Bill Simmons is one of the most well-known sports journalists in the world, he calls any number of coaches and players good friends, he runs a media empire and can get anyone on the phone at nearly any time (including President Obama). And yet, even he has a Tom Seaver earworm. He reflects with great revelry the time he stood in a makeshift batter’s box while Seaver played catch with Bill’s buddy, Gus. Bill has traveled the world and seen every form of competition up close; he has hosted thousands of podcasts; he has written two books and millions of column words. And yet, nearly forty years after the fact, he can still describe, with precision, standing in his friend’s front yard when Tom Terrific buzzed him with a curveball.

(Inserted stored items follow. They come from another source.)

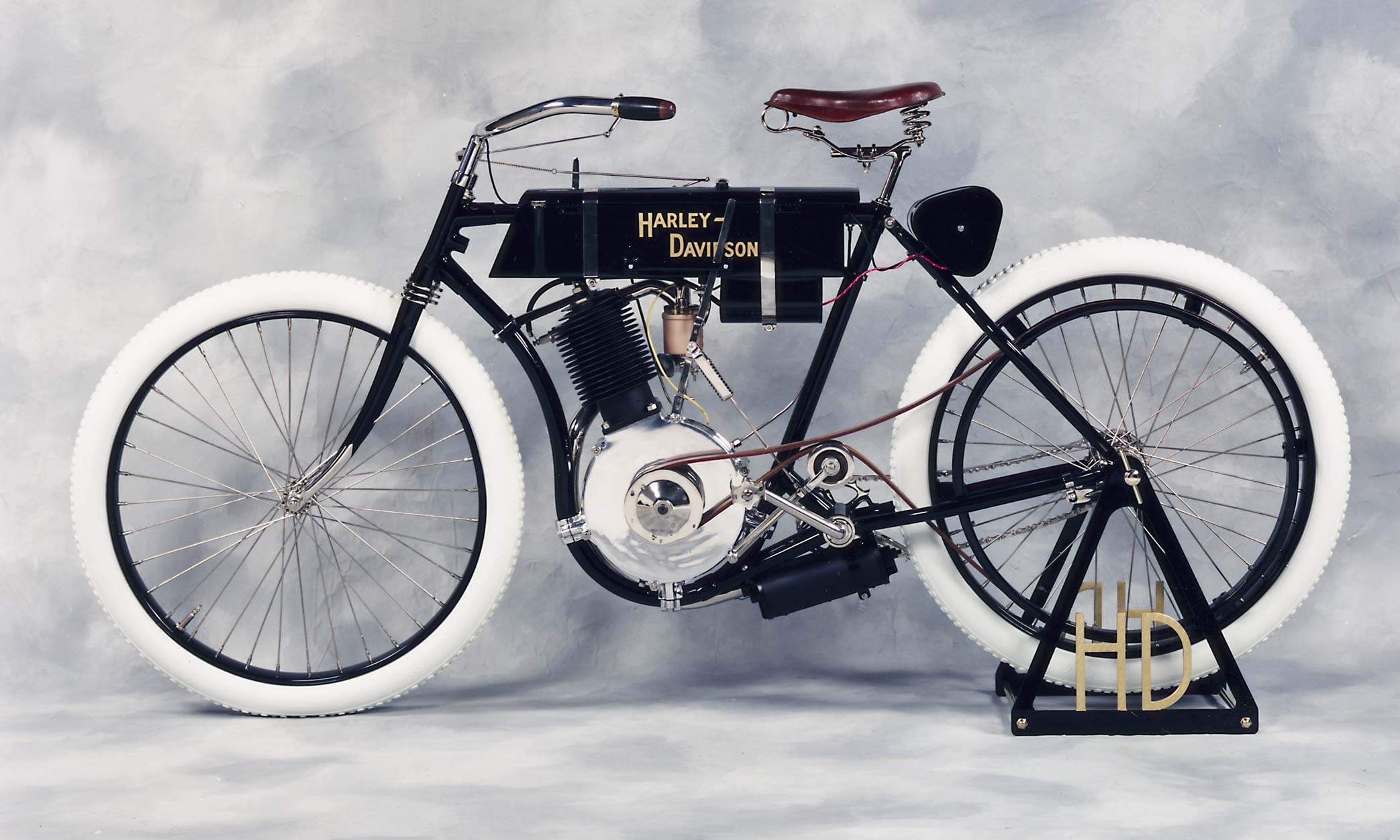 Sepeda motor yang dibuat Harley dan Davidson dibuat di gubuk itu pada 1903 dan dirancang untuk balap. Tiga motor dibuat pada tahun pertama itu. Satu buah berhasil dijual oleh diler pertama Harley-Davidson — C.H. Lang di Chicago, Illinois.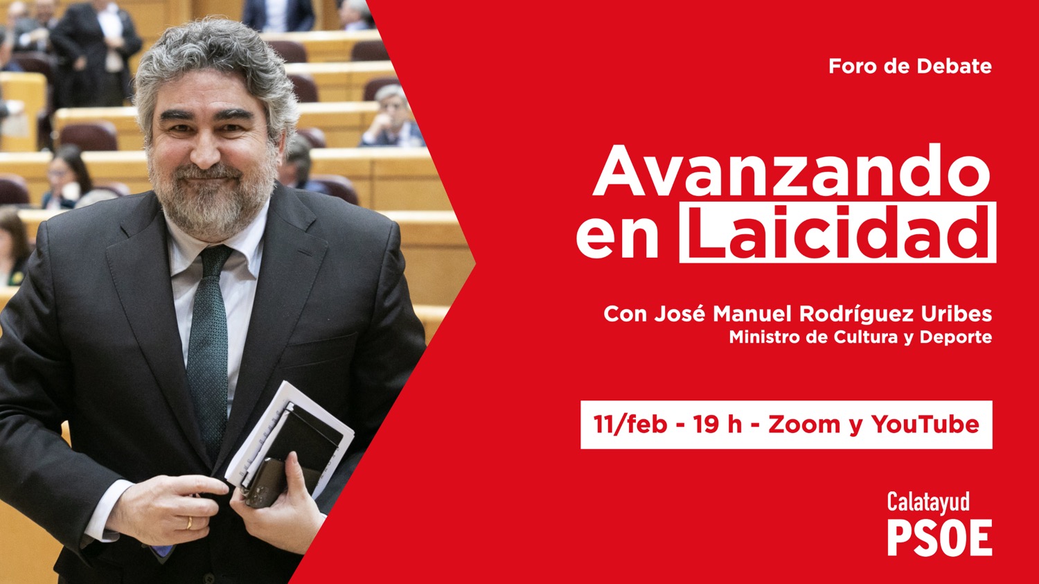 Contaremos con la presencia de José Manuel Rodríguez Uribes, Ministro de Cultura y Deporte del Gobierno de España y Secretario de Laicidad del PSOE.
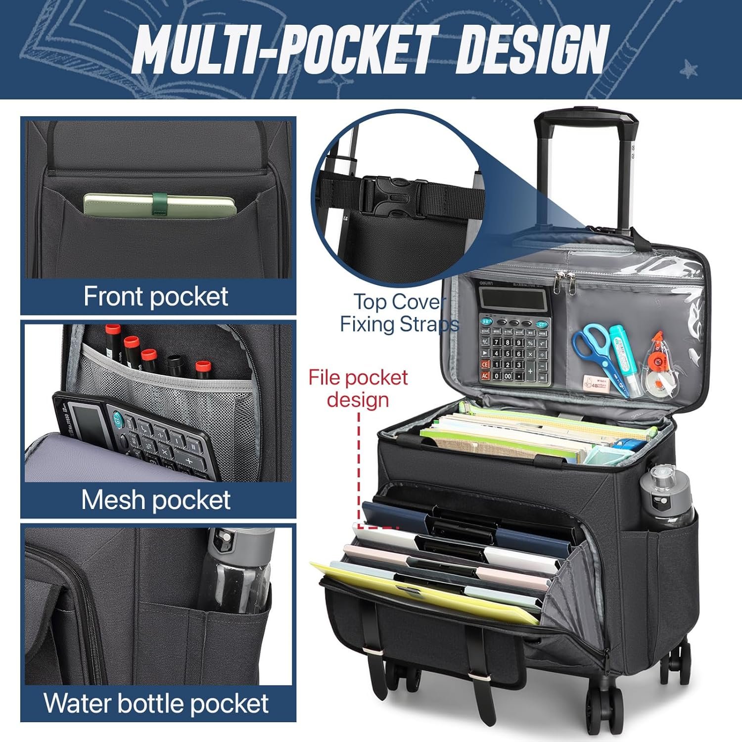 Extra-large space: The size of the rolling teacher bag is 15.5*12*8.5 inches. The maximum size of the foldable rolling pull rod is 37.7 inches. There is a main space with a base plate inside. There is a compartment for laptops and tablets. There are 2 zipper transparent bags and mesh bags on both sides. There is one mesh bag, a water cup bag and a magnetic portable pocket on the outside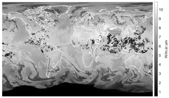 All models were evaluated using the Moderate-Resolution Imaging Spectroradiometer (MODIS) [20] on-board the Terra satellite, v6. MODIS repeatedly views regions of the Earth’s surface every 1 to 2 days. Its thermal bands have a spatial resolution of 1 km at nadir. Twelve Terra/MODIS thermal infrared radiance scenes were used for reference data. Terra/MODIS thermal data band 31 (with range from 10.78 to 11.28 m) was used as a reference since it is well calibrated [21] with a calibration uncertainly of less than 0.13%.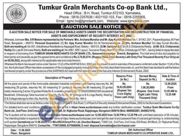 All the piece and parcel of the Immovable alienated Industrial converted Land bearing resurvey No. 94 measuring 28 guntas, resurvey No. 95 measuring 31 guntas & resurvey No.96 measuring 33 guntas totally measuring 2 acres 12 guntas Khata No.6, e-swathu property No. 151000203000423300 situated at Medehalli, Chitradurga Taluk bounded on: East By: Ry Sy. No. 97 belongs to B.A.Linga Reddy, West by: S.B.College belongs to Irfan Ulla, North By: Marulappa's Land, South By: NH-4.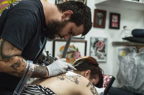 Сам сеанс татуировки начинается с нанесения контуров дизайна на кожу. Татуировщик использует специальную машинку с иглой, чтобы внести пигмент в верхний слой кожи. Во время процесса может быть небольшое неприятное ощущение, но большинство людей описывают его как "выносимую боль". Татуировщик работает аккуратно и внимательно, чтобы добиться высокого качества и точности татуировки.

If you had asked Seaver about that day prior to his death, I feel fairly certain he would have had no recollection. But, no matter, Simmons does. And there are any number of stories just like that; when a performer did something or said something that impacted our lives – maybe not permanently, maybe not even significantly – but impacted us nonetheless.
These stories represent an important life lesson – our actions have reverberations well beyond our vision. The next time we pass a homeless man begging on the street or a kid selling chocolate bars or someone asks for a letter of recommendation, think about the impact that our response might have; consider those who may always remember a small word or deed, a simple act of kindness, something that we will forget in a day’s time, but they will keep with them forever. Tom Seaver did that for a generation of Mets fans; and so too have athletes, actors, and performers all across the world for their fans. We would be wise to follow their lead.